PBBM meets with envoys

Jun 13, 2022, 1:17 AM
Diego S. Cagahastian

Diego S. Cagahastian

Columnist

THIS week has been a busy one for President-elect Ferdinand "Bongbong" Marcos Jr. because aside from interviewing prospective members of his cabinet, he scheduled and fulfilled a series of meetings with ambassadors and representatives of international bodies.

These courtesy calls may take up a big part of Bongbong's day at his erstwhile campaign headquarters in Mandaluyong City, but they are important.

First, these meetings are a testimony on how the international community is reacting to the recent Philippine presidential elections, the results of which are still being maligned and doubted by the Kakampink cabal. Envoys from Europe, the United States, China, and Asia have been making calls on Marcos, each one wanting to hear him say that friendship and cooperation efforts will stay, if not strengthened.

European envoys were most visible in Mandaluyong the past days. Last Friday, June 10, the President-elect met with five ambassadors.

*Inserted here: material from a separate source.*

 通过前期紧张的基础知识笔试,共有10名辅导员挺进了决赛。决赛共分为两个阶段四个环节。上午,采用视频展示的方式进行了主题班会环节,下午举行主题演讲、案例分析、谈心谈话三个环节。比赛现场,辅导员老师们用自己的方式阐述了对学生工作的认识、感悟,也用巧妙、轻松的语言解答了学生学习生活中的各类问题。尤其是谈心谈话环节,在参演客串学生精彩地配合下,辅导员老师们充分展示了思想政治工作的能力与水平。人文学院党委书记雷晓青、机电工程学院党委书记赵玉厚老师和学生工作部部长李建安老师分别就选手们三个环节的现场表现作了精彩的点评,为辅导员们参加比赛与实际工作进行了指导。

They were Ambassador Gustavo Gonzales, United Nations (UN) Representative to the Philippines; Ambassador Annika Thunborg of Sweden; Ambassador Charles Brown of the Holy See; Ambassador William Carlos of Ireland; and Ambassador Alain Gaschen of the Swiss Confederation.
The meetings took place from 9 a.m. to 12 noon.

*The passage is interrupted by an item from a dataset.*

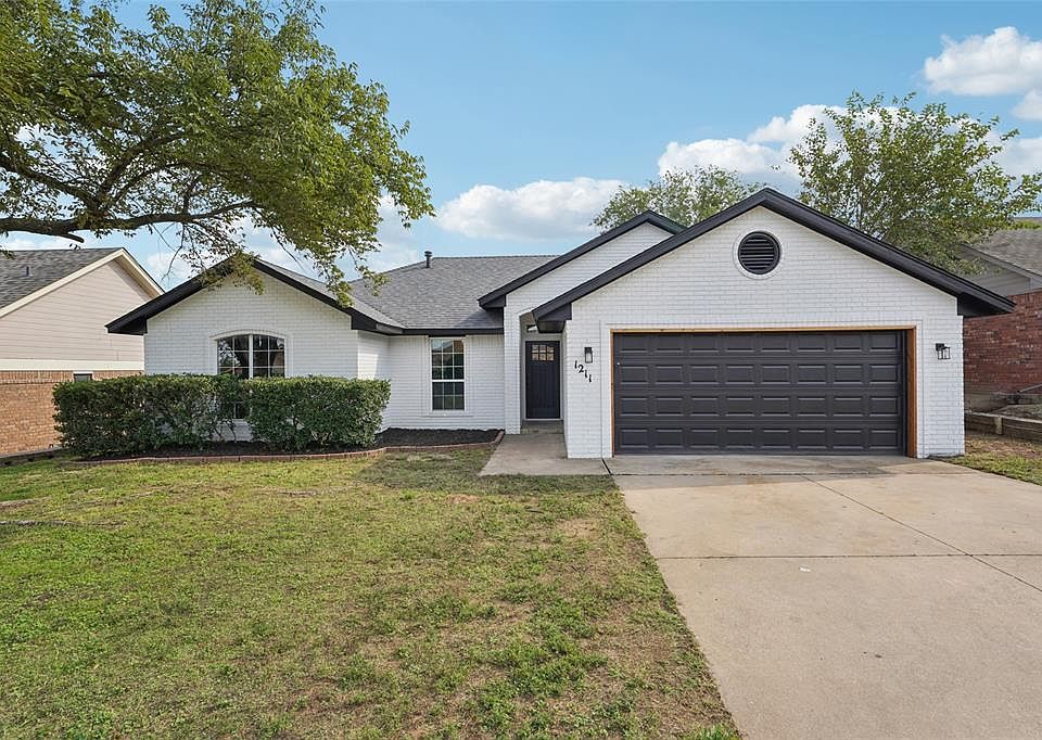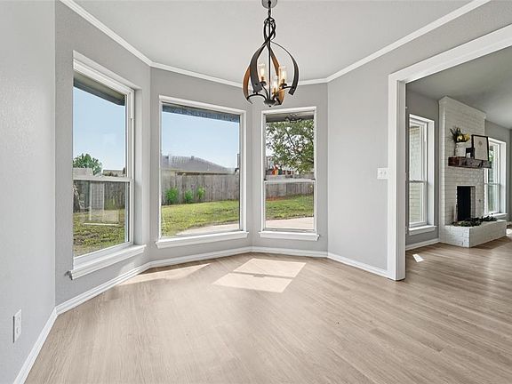 Step into this thoughtfully updated 3-bedroom, 2-bathroom, 2 car garage home offering 1,443 square feet of stylish living space in a quiet Shawnee neighborhood. With fresh improvements throughout, this property blends modern design with everyday functionality. The open-concept layout features high ceilings, light wood flooring, and abundant natural light. A white brick fireplace anchors the living room, which flows into a spacious bright breakfast nook framed by bay windows. The kitchen showcases white cabinetry, marbled backsplash, stainless steel appliances, and a sleek black faucet—all part of the recent updates. Both bathrooms have been updated with sleek black fixtures, white vanities, and marble-style tilework, creating a clean and contemporary feel. Enjoy peace of mind with a new roof installed in 2025, central electric cooling, and gas heating. Located in the Grove School District with easy access to local amenities.

Last Tuesday, ambassadors from Spain, Germany, and Morocco visited Marcos and on Thursday, the President-elect held a meeting with United States Deputy Secretary of State Wendy Sherman.

Of course, PBBM has had several meetings with Chinese ambassador Huang Xilian, the latest being at the celebration of the Filipino-Chinese Friendship Day on June 9. It was also the 47th anniversary of the establishment of the Philippine-China diplomatic relations.

In their meetings, UN Ambassador Gustavo Gonzales and Ambassador Annika Thunborg of Sweden were both assured by Marcos that under his administration, the Philippines will respect human rights and adhere to international law, aside from pursuing an open friendship with all nations.

This is the same message that PBBM had with Wendy Sherman, who by now has relayed to US President Joe Biden that the new Philippine leader will pursue an even closer relations with the US, marked with a review of all economic and defense agreements with the United States, starting with the 1951 Mutual Defense Treaty.

With regard to China, Marcos has reiterated that the nation will continue with President Duterte's independent foreign policy. Marcos assured that China will be the country's strongest partner in this part of the world, but will not give an inch when sovereignty over any Philippine land is at stake. This should be the underlying principle in what incoming National Security Adviser Clarita Carlos elucidates as "critical engagement" with China.

Just like his father, President Ferdinand Marcos, and his immediate predecessor, President Duterte, Marcos is very versed with world history and geopolitical issues, especially because he grew up with a father who was adept at international goings- on and himself proficient in diplomacy.